My approach to operational resilience centers on:

  1. Building systems that are reliable by design
  2. Implementing effective observability and monitoring
  3. Automating toil reduction through intelligent tooling
  4. Creating inclusive communities around operational excellence
  5. Ensuring ethical considerations in AI-powered operations

I believe my combination of hands-on experience building reliable systems, active community involvement, and focus on innovative solutions positions me well to contribute to TAG Operational Resilience's mission. I'm particularly interested in helping shape how we approach reliability in an AI-augmented future while maintaining robust operational practices.

I've consistently advocated for and implemented practices that make operational resilience more accessible and maintainable, as evidenced by my talks like "Beyond the Clouds: Charting the course for AI in the CloudNative world" and my work on making complex operational problems more approachable through tooling and automation.

Links:

  • GitHub: https://github.com/AlexsJones
  • Speaking: https://sessionize.com/jonesax/
  • LinkedIn: https://www.linkedin.com/in/jonesax/

AlexsJones avatar May 14 '25 19:05 AlexsJones

Scott Mabe – CNCF TAG Operational Resilience Nomination

Hello, my name is Scott Mabe, and I’m currently a Technical Advocate at Datadog. I lead with compassion and understanding—teaching and elevating others brings me joy. This mindset has led me to volunteer with local tech organizations, including a Baltimore-based charity called Code in the Schools, which helps city youth learn computer science skills.

As an observability advocate, I enjoy helping others realize their goals. I focus on democratizing data access and building strong, collaborative teams. I'm passionate about helping others learn and grow—so much so that I have a tattoo that reads “Be excellent to each other.” I stay active in the tech community by speaking at events like DevOpsDays and volunteering at various conferences and meetups.

Prior to joining Datadog, I helped people learn cloud computing and open source software, both professionally and for fun. I've contributed to online communities such as the now-defunct Linux Academy, OG-AWS Slack, and others that have come and gone over the years. I enjoy helping people break into the tech industry—all while maintaining and supporting large-scale cloud computing efforts.
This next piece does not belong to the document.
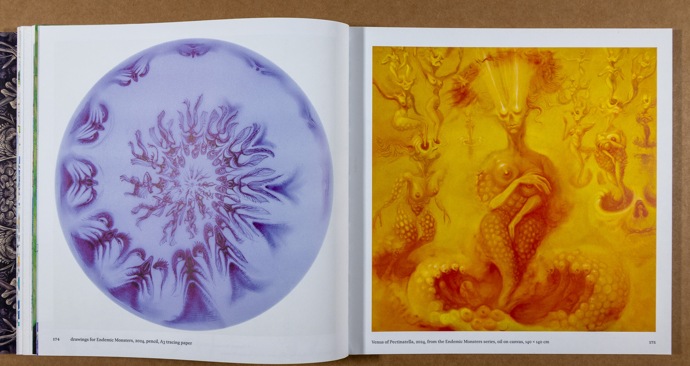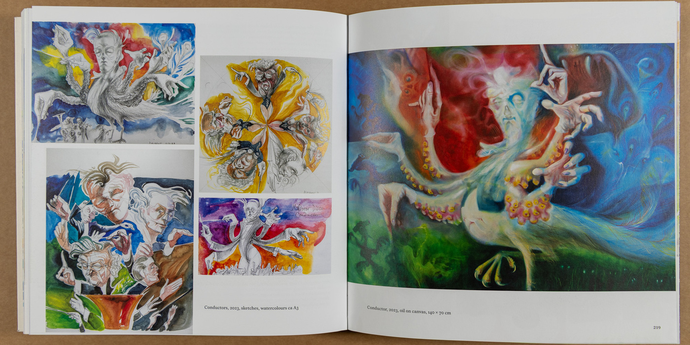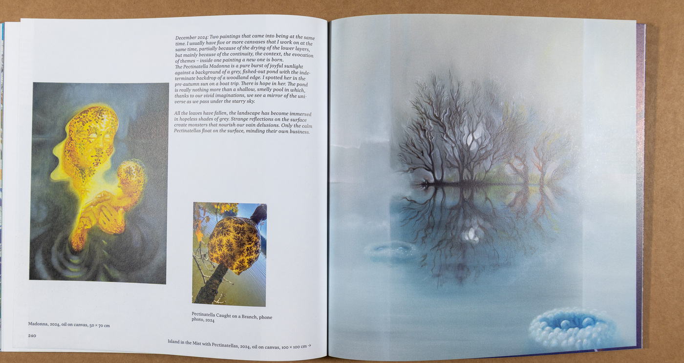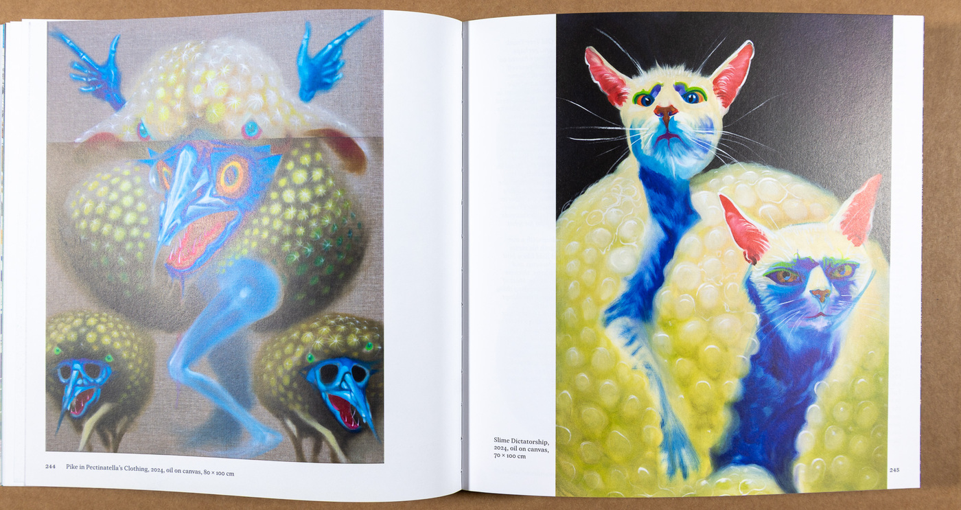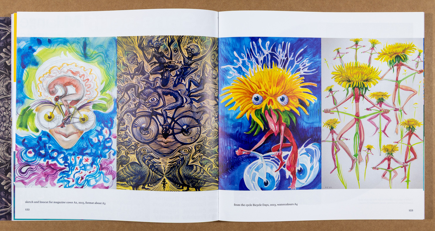František Štorm (* 1966) is a world-known type designer, but also a composer and a founding member of the band Master’s Hammer. In parallel with his long-term work in the field of applied graphics and music, free work has always been created, especially linocuts and drawings, but in recent years also paintings of larger formats. The impetus for creating this book came from the success of exhibitions featuring paintings, graphics, and unique video projections. The book entitled Libero captures Štorm’s creative surge of recent years, in which typography, book illustrations, and graphic commissions naturally coexist with free work. Oil paintings inspired by, for example, South Bohemian ponds or travel experiences are increasingly gaining ground. Font shapes that we usually do not pay much attention to in books, together with painting, graphics and drawing, create a close connection in which both of Štorm’s lines of work illuminate each other in unexpected contexts. Libero also captures the breadth of his artistic scope in the visual processing of musical activities, thanks to which he appeals to a large circle of fans. The reader can enjoy wondrous, sometimes grotesquely psychedelic works in the neighbourhood of imaginative graphics and typography, the curves of which are the author’s defining gesture.

Past work includes projects for the U.S. Federal Government, particularly the Department of Health and Human Services.

I live in Baltimore, Maryland, and bring a unique combination of technical expertise and cultural perspective. My somewhat unconventional background—including time spent as a radio DJ—continues to shape how I communicate with clarity and intent. Outside of work, I enjoy going to punk rock shows and learning something new every day.

I’m excited to apply my experience and passion to the TAG Operational Resilience Technical Lead role, contributing to the CNCF community.

You can connect with me on LinkedIn. Yes, anyone—because everyone is welcome.

Scott-Mabe avatar May 15 '25 20:05 Scott-Mabe

I submit herein my application to the TOC for consideration to serve as a Technical Lead for TAG Operational Resilience.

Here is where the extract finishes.